Le piñatex pour l'été




Source : TOKU · Sandales Athens et Rome en piñatex (cuir d'ananas), atelier OmaKing dans le sud de l'Estonie depuis 1927
Concrètement chez LeGarage, le piñatex prend la forme de deux silhouettes qu'on porte dès les premières chaleurs. Les TOKU Athens Vegan jouent la sandale à talon fermé et bride cheville réglable, en noir mat ou en rose poudré, dessinées par Piibe Tomp d'après la sandale grecque antique.
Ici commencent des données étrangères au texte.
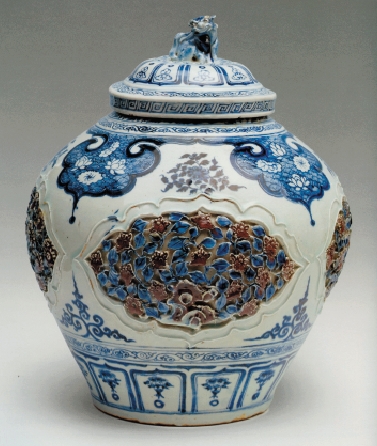 元青花 釉里紅開光鏤空花卉紋蓋罐 高41.2厘米 河北文物保護中心藏
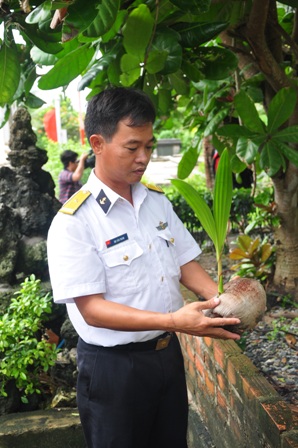 Ici, les cocotiers sont souvent cultivés pendant 2 périodes: au printemps et chaque fois qu’un groupe de soldats quitte l’île pour retrouver le continent. Chacun tient à planter un cocotier en guise de souvenir. Nguyen Van Tam, commissaire politique du groupe 1, fait savoir: « J’ai été affecté sur l’île 2 fois et j’ai planté 6 cocotiers. Les soins prennent beaucoup de temps même si l’arbre ne nécessite pas beaucoup d’arrosage. Quand les plantes sont grandes, on doit éliminer les feuilles mortes et placer sur la cime du cocotier un petit paquet de sel pour lui permettre de donner plus de fruits et d’éviter les maladies ».
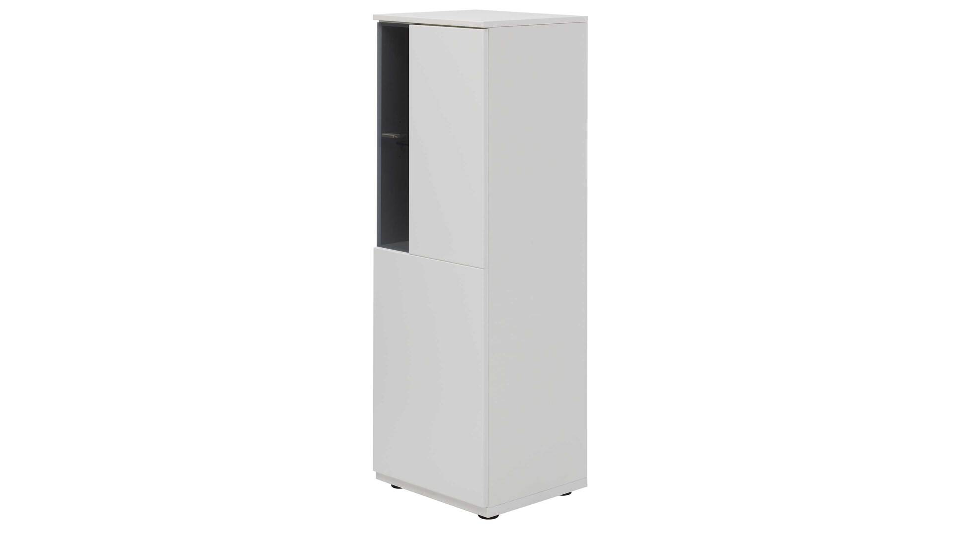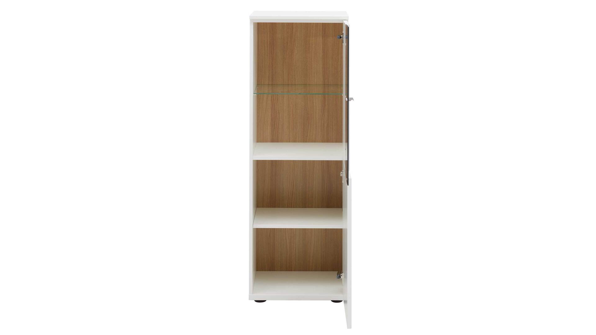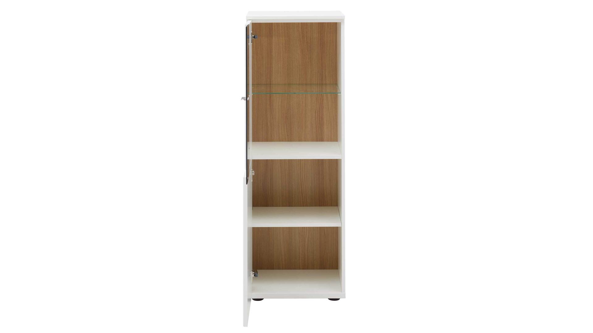 • Highboard B045.152 (links angeschlagen) mit Glaseinsatz in der Tür, einem höhenverstellbaren Glasboden und einem Holzboden, ca. 45 x 131 x 40 cm (BxHxT).
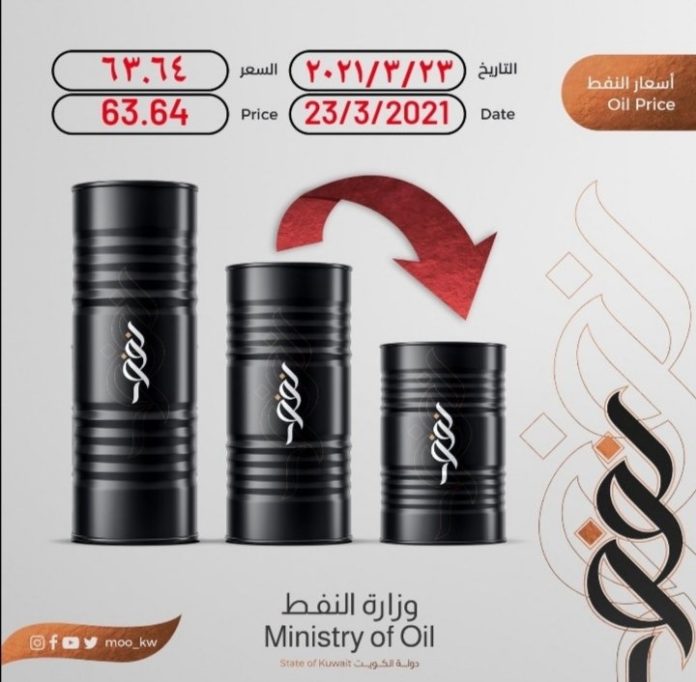 تراجعت أسعار النفط الكويتي بواقع 23 سنتاً، لتبلغ في تداولات أمس 63.64 دولاراً للبرميل، مقابل 63.87 دولاراً للبرميل في تداولات اليوم السابق، وفقاً للأسعار المعلنة من مؤسسة البترول الكويتية.
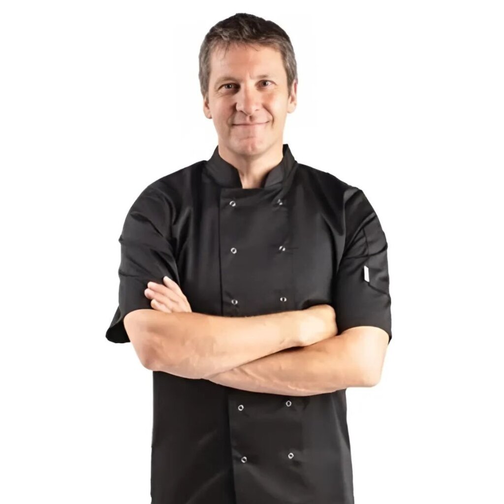 Het ontwerp met korte mouw houdt uw armen koel en uw handen vrij om te werken bij het voorbereiden, koken en serveren van gerechten. Inclusief thermometerzakje op de linkermouw. De Vegas zwarte koksbuis is zo een praktische, comfortabele en professionele toevoeging aan uw keukenuitrusting.
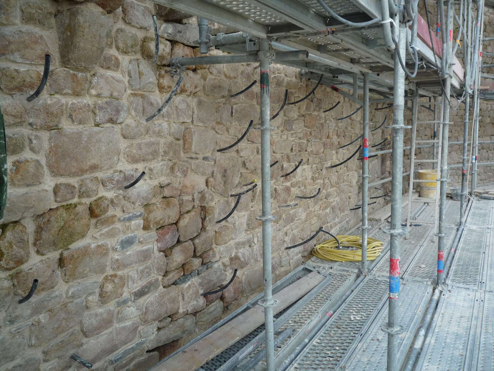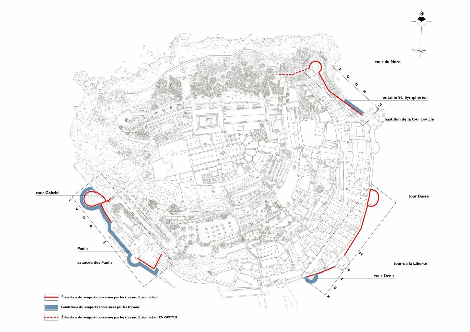 Les travaux ont également porté sur la consolidation des semelles de fondations, suivant les conclusions des sondages du BET, sur la réfection des sols et étanchéités des parapets et des tours, ainsi que sur la réfection des installations électriques, téléphoniques et de sonorisation.
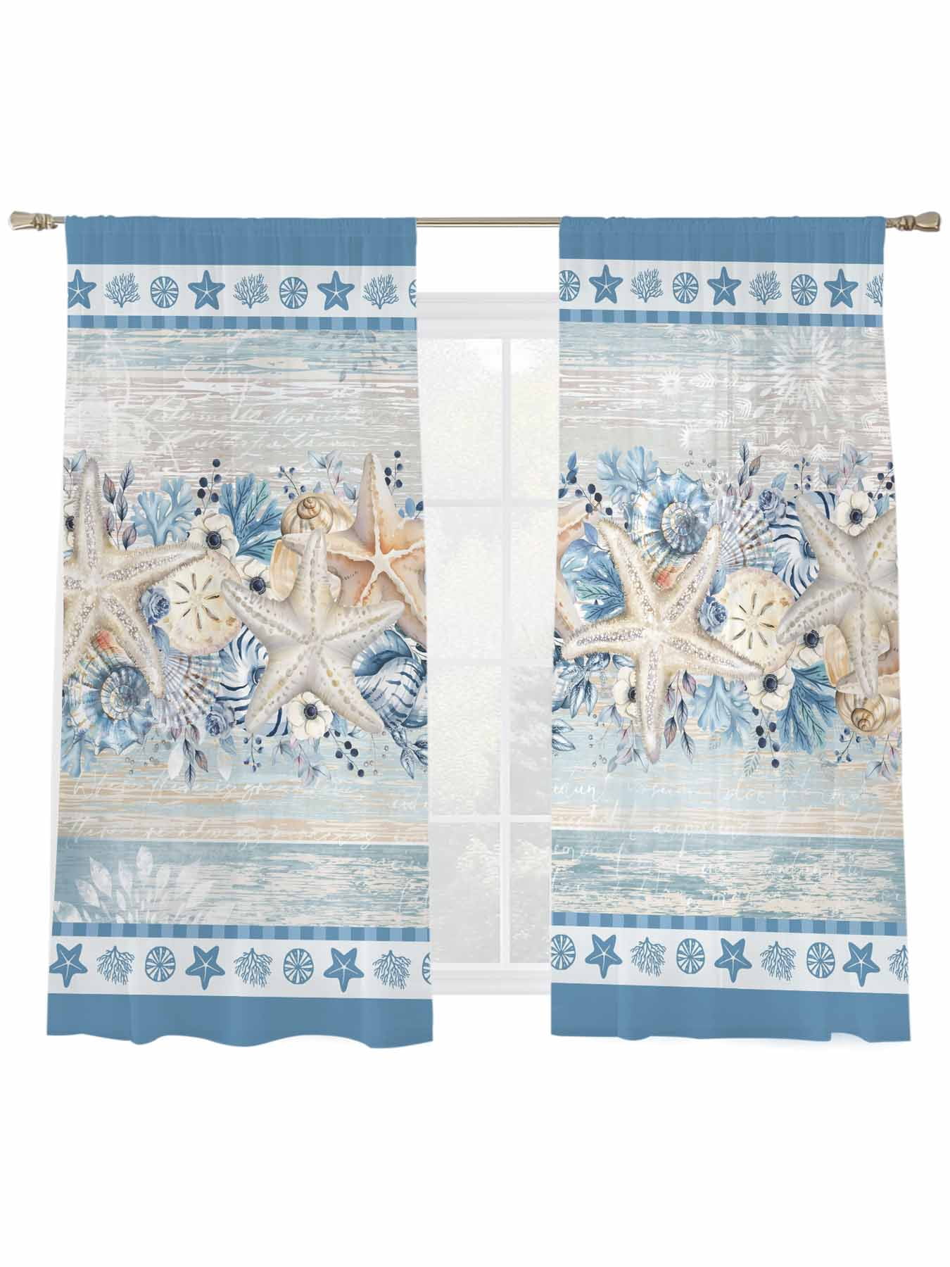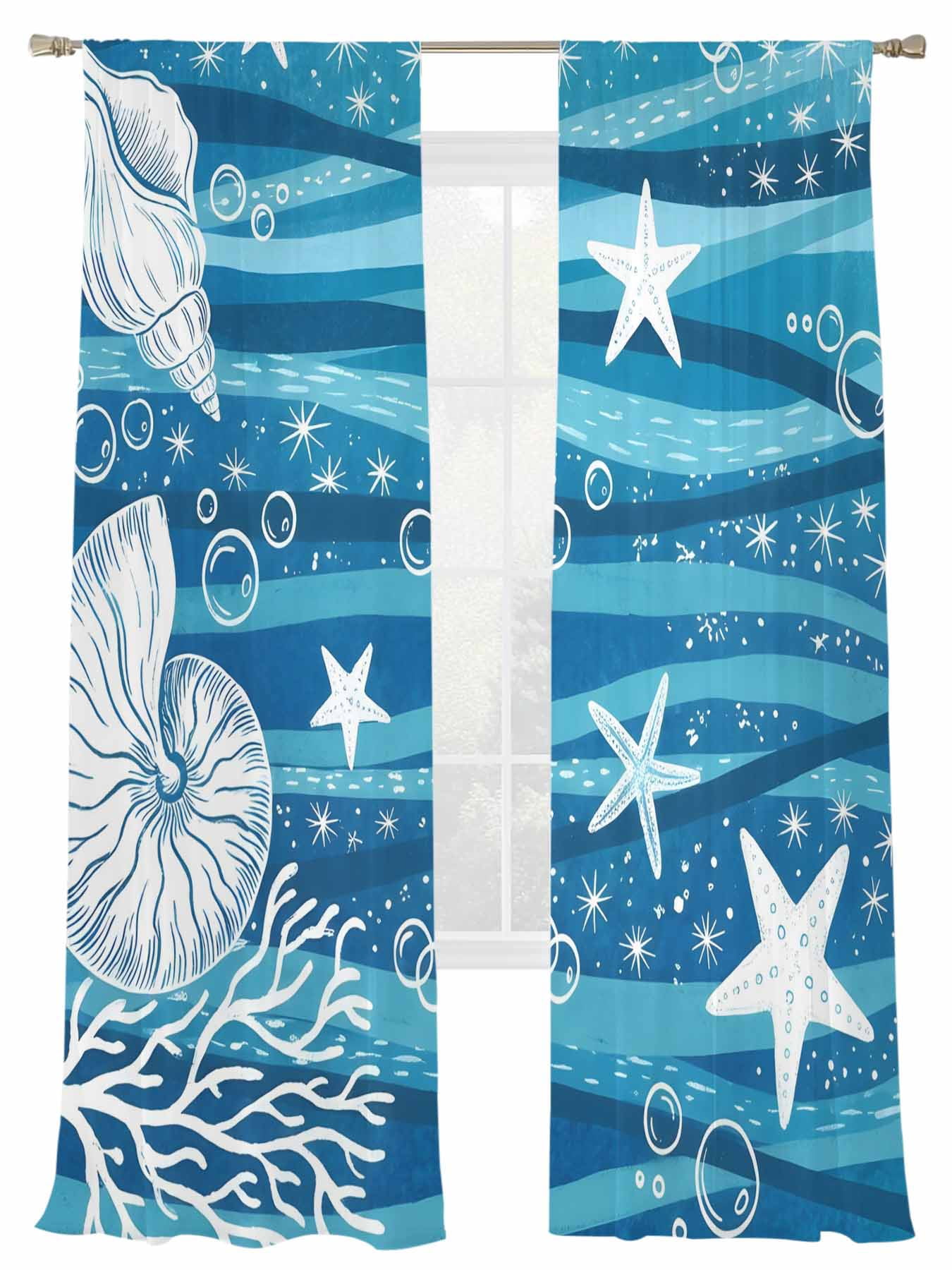 Coastal Starfish Sheer Curtains 84 Inches Long for Living Room, Blue ...
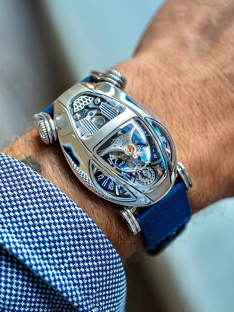 The earliest Horological Machines made that philosophy impossible to miss. Pieces like the HM1 and later the HM4 Thunderbolt rejected the idea of a discreet wristwatch altogether, replacing it with sculptural cases, exposed movements, and designs inspired by aviation, science fiction, animals, and architecture. The HM10 Bulldog went further, turning the watch into a mechanical character, complete with domed sapphire eyes and a power reserve indicator that literally opens and closes its mouth. These were not watches trying to impress quietly. They wanted interaction. They wanted reaction.
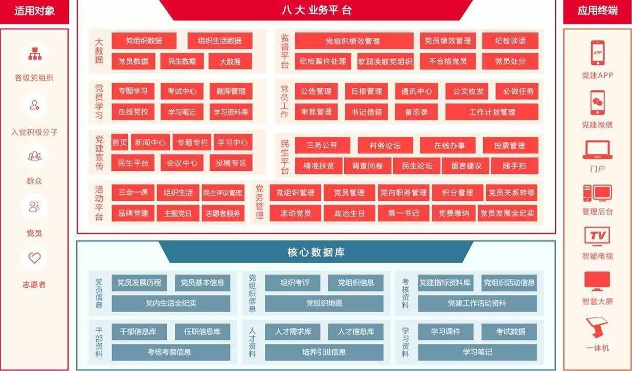 此次搭建的“智慧党建云平台”针对的是现阶段党员和党组织内部存在的一些建设问题,提出相应的措施,主要包括三大应用终端,即党建门户、手机APP、PC管理后台三大终端,内容涉及党建宣传、党员学习、民生管理、党务管理等功能模块,实现以用户为中心,解决用户日常实际工作问题,帮助用户提高工作效率,从而调动党员参与积极性。

Les TOKU Rome Vegan partent sur la sandale à enfiler ouverte, plus dépouillée, en noir, blanc ou rose, coupe large et naturelle au pied. Les deux sortent du même atelier OmaKing dans le sud de l'Estonie, qui fait des chaussures depuis 1927 et que les Estonian Design Awards ont qualifié de Nouvelle Classique Estonienne. Le piñatex a un grain mat reconnaissable au premier toucher, la sandale ne pèse rien dans la valise, et la doublure microfibre absorbe la chaleur de l'été sans coller. C'est la pièce à glisser sur une jupe en lin, une robe portefeuille ou un jean coupé droit pour les longues journées de juin.